## Explore and cluster the neighborhoods in Toronto

Scarping a Wikipedia webpage with BeautifulSoup for Toronto Nieghborhood data 

## 1. Import and install required libraries/modules 

In [3]:
import pandas as pd 
!conda install -c conda-forge beautifulsoup4 --yes         #install beautifulsoup
from bs4 import BeautifulSoup              #for sacraping a webpage
from pandas import DataFrame       #for convering a list to dataframe
import requests        #make a request to get the webpage/url               
print('import and install finished')

Solving environment: done

## Package Plan ##

  environment location: /opt/conda/envs/Python36

  added / updated specs: 
    - beautifulsoup4


The following packages will be downloaded:

    package                    |            build
    ---------------------------|-----------------
    openssl-1.1.1g             |       h516909a_0         2.1 MB  conda-forge
    ca-certificates-2020.6.20  |       hecda079_0         145 KB  conda-forge
    beautifulsoup4-4.9.1       |   py36h9f0ad1d_0         163 KB  conda-forge
    python_abi-3.6             |          1_cp36m           4 KB  conda-forge
    certifi-2020.6.20          |   py36h9f0ad1d_0         151 KB  conda-forge
    ------------------------------------------------------------
                                           Total:         2.6 MB

The following NEW packages will be INSTALLED:

    python_abi:      3.6-1_cp36m       conda-forge

The following packages will be UPDATED:

    beautifulsoup4:  4.7.1-py36_1                

## 2. Request, Scrape (with BeautifulSoup) , Read (with pandas) and convert to Dataframe and name it Toro 

In [5]:
res = requests.get("https://en.wikipedia.org/wiki/List_of_postal_codes_of_Canada:_M")
soup = BeautifulSoup(res.content,'html.parser')    #scrape & parse 
table = soup.find_all('table')[0]    
df = pd.read_html(str(table))[0]    
#made three lists from df for DataFrame
Postal_code = df["Postal Code"].tolist()
Borough = df["Borough"].tolist()
Neighborhood = df["Neighborhood"].tolist()
#make a dictionary for DataFrame
d = {'PostalCodes':Postal_code,'Borough':Borough, 'Neighborhood':Neighborhood}  
#made the DataFrame
Toro = pd.DataFrame(d)
Toro.head()

Unnamed: 0,PostalCodes,Borough,Neighborhood
0,M1A,Not assigned,Not assigned
1,M2A,Not assigned,Not assigned
2,M3A,North York,Parkwoods
3,M4A,North York,Victoria Village
4,M5A,Downtown Toronto,"Regent Park, Harbourfront"
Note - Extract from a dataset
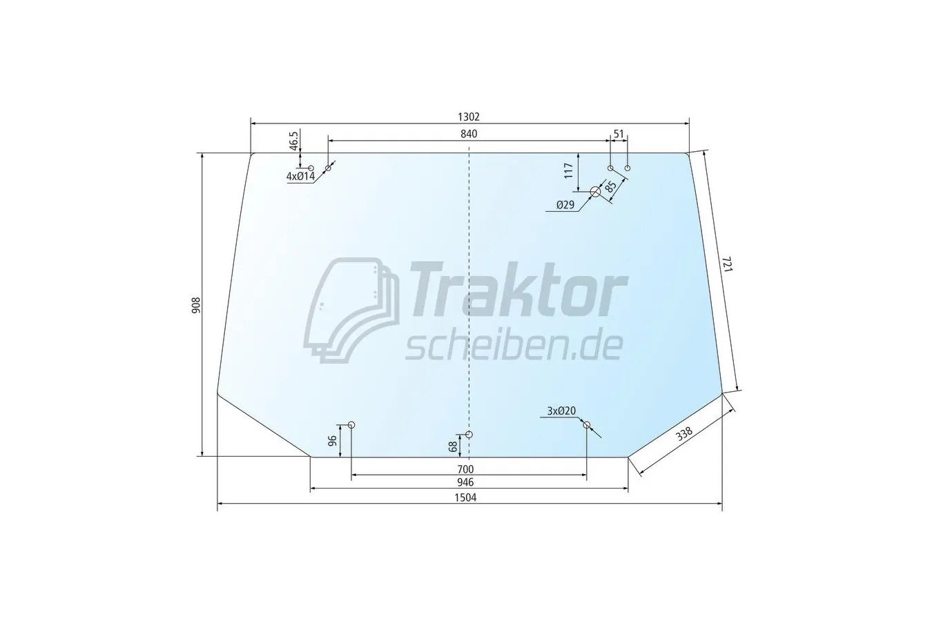 Getönte Heckscheibe oben mit 8 Bohrungen für FORD Traktor Serie 40
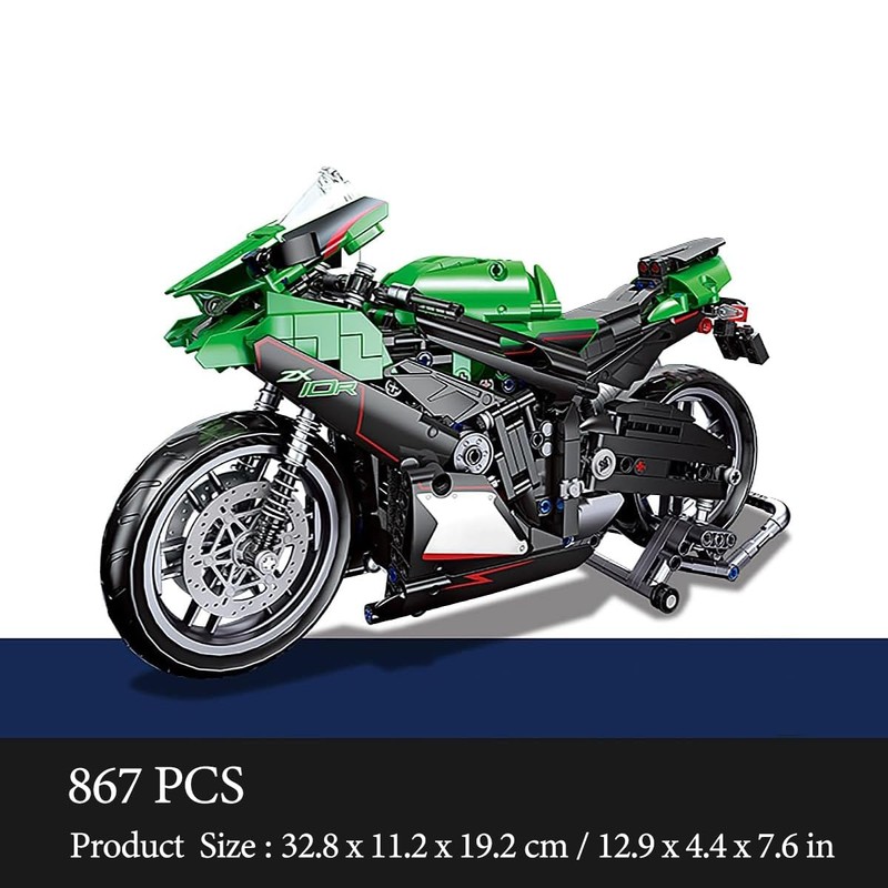 DAHONPA Green Motorcycle Building Blocks Set - 867-Piece Intricate Model, Perfect Holiday Gift and Ideal for Parent-Child Interaction

## 3. Remove cells/rows with a Borough not assigned.

In [6]:
# Get names of indices for which column Borough has value Not assigned
indexNames = Toro[ Toro['Borough'] == 'Not assigned' ].index
indexNames
# Delete these row indices from dataFrame
Toro.drop(indexNames , inplace=True)
Toro.head()

Unnamed: 0,PostalCodes,Borough,Neighborhood
2,M3A,North York,Parkwoods
3,M4A,North York,Victoria Village
4,M5A,Downtown Toronto,"Regent Park, Harbourfront"
5,M6A,North York,"Lawrence Manor, Lawrence Heights"
6,M7A,Downtown Toronto,"Queen's Park, Ontario Provincial Government"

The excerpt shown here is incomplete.